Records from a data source
┄┄┄┄┄┄┄┄┄┄┄┄┄┄┄┄┄┄┄┄
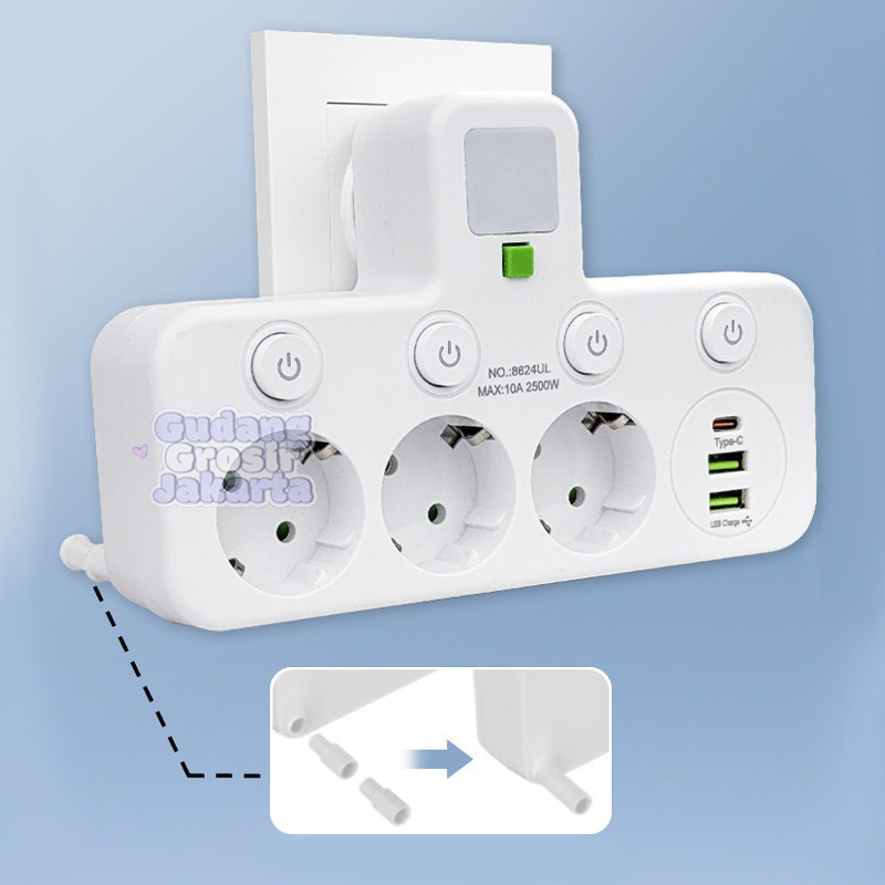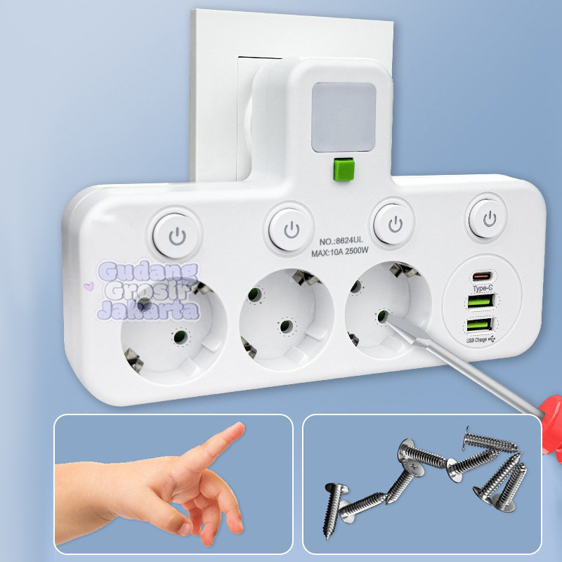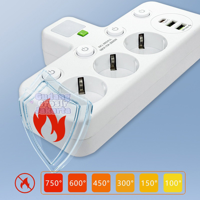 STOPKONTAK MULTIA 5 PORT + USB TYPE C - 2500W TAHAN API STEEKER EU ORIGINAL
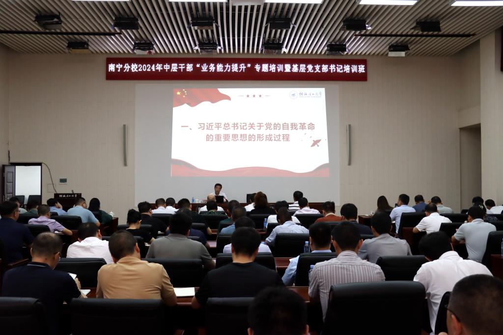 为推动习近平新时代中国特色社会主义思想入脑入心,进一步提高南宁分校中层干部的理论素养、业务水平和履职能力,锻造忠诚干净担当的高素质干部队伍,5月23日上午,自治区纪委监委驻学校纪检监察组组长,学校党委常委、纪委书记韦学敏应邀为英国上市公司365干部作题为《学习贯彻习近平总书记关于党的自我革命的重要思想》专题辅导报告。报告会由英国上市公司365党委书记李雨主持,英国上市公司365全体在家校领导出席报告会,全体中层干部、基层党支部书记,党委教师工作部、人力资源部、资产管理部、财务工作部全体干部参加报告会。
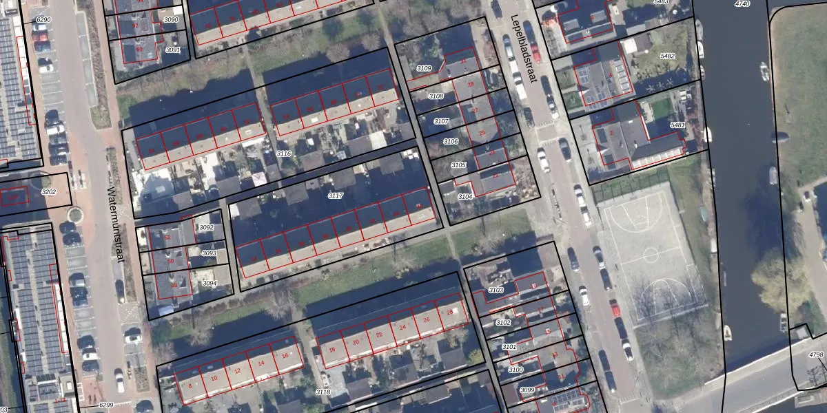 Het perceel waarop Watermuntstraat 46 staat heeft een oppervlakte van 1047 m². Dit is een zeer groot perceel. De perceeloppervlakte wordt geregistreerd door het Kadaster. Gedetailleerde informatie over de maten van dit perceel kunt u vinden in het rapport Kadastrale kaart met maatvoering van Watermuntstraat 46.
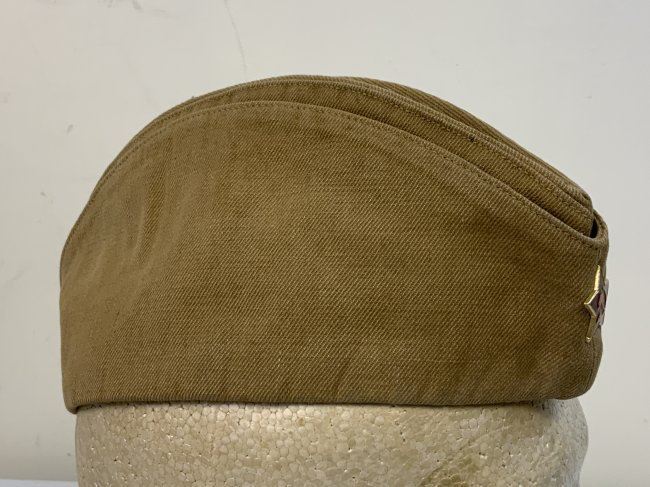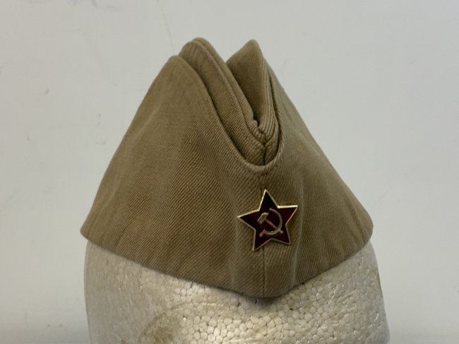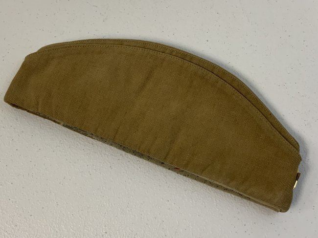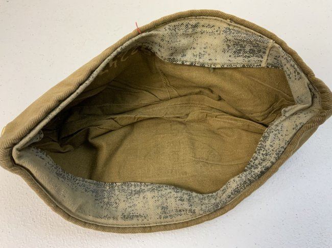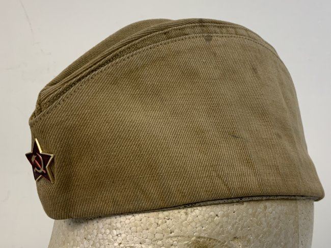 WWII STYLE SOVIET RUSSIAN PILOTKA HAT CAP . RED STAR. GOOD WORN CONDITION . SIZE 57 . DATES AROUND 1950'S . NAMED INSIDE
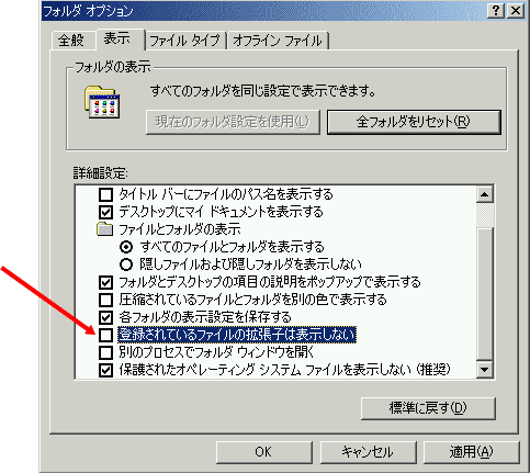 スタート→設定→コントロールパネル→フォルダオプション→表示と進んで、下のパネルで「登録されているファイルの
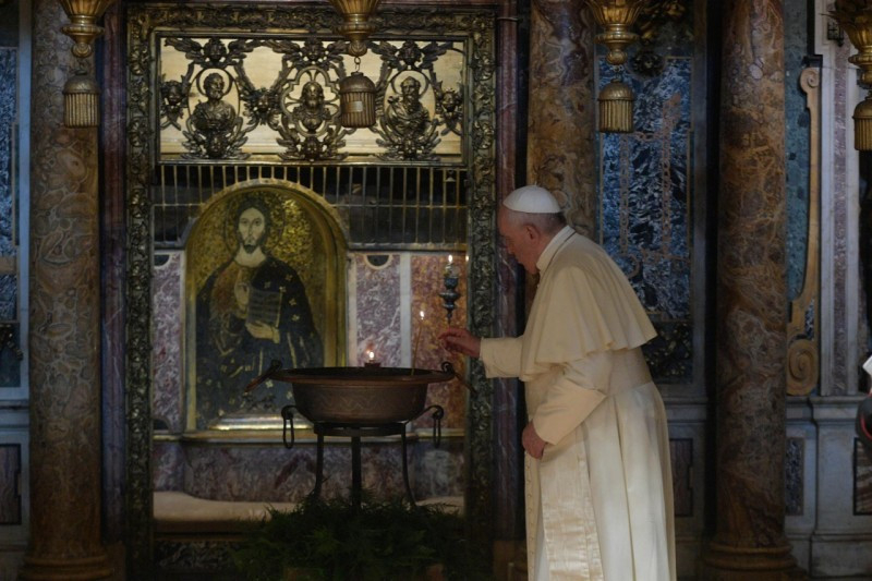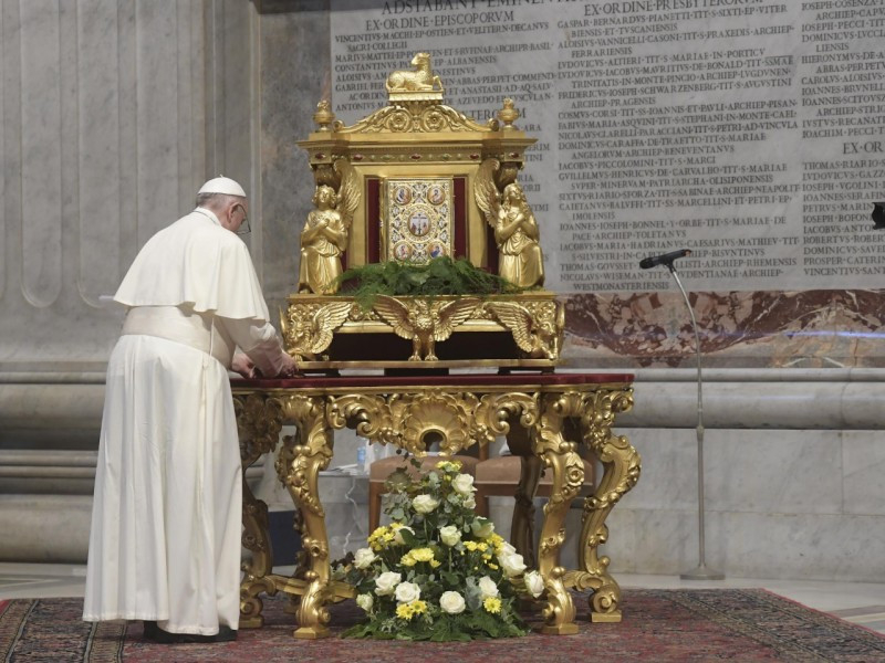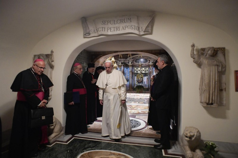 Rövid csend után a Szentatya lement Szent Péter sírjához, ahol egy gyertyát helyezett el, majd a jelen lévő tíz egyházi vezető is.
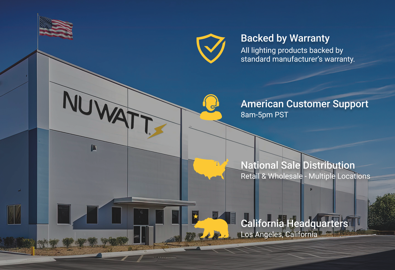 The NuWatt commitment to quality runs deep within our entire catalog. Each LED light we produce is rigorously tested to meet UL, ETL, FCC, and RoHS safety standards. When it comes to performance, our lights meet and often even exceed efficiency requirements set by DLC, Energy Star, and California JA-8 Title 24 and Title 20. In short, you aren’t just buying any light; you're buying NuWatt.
┄┄┄┄┄┄┄┄┄┄┄┄┄┄┄┄┄┄┄┄
# What is being asked
Using the entries above, write out exactly the lines from the one with "WWII STYLE SOVIET" through the one with "Rövid csend után", ends included. Leave out any pictures.

# Answer for this exercise
 WWII STYLE SOVIET RUSSIAN PILOTKA HAT CAP . RED STAR. GOOD WORN CONDITION . SIZE 57 . DATES AROUND 1950'S . NAMED INSIDE
 スタート→設定→コントロールパネル→フォルダオプション→表示と進んで、下のパネルで「登録されているファイルの
 Rövid csend után a Szentatya lement Szent Péter sírjához, ahol egy gyertyát helyezett el, majd a jelen lévő tíz egyházi vezető is.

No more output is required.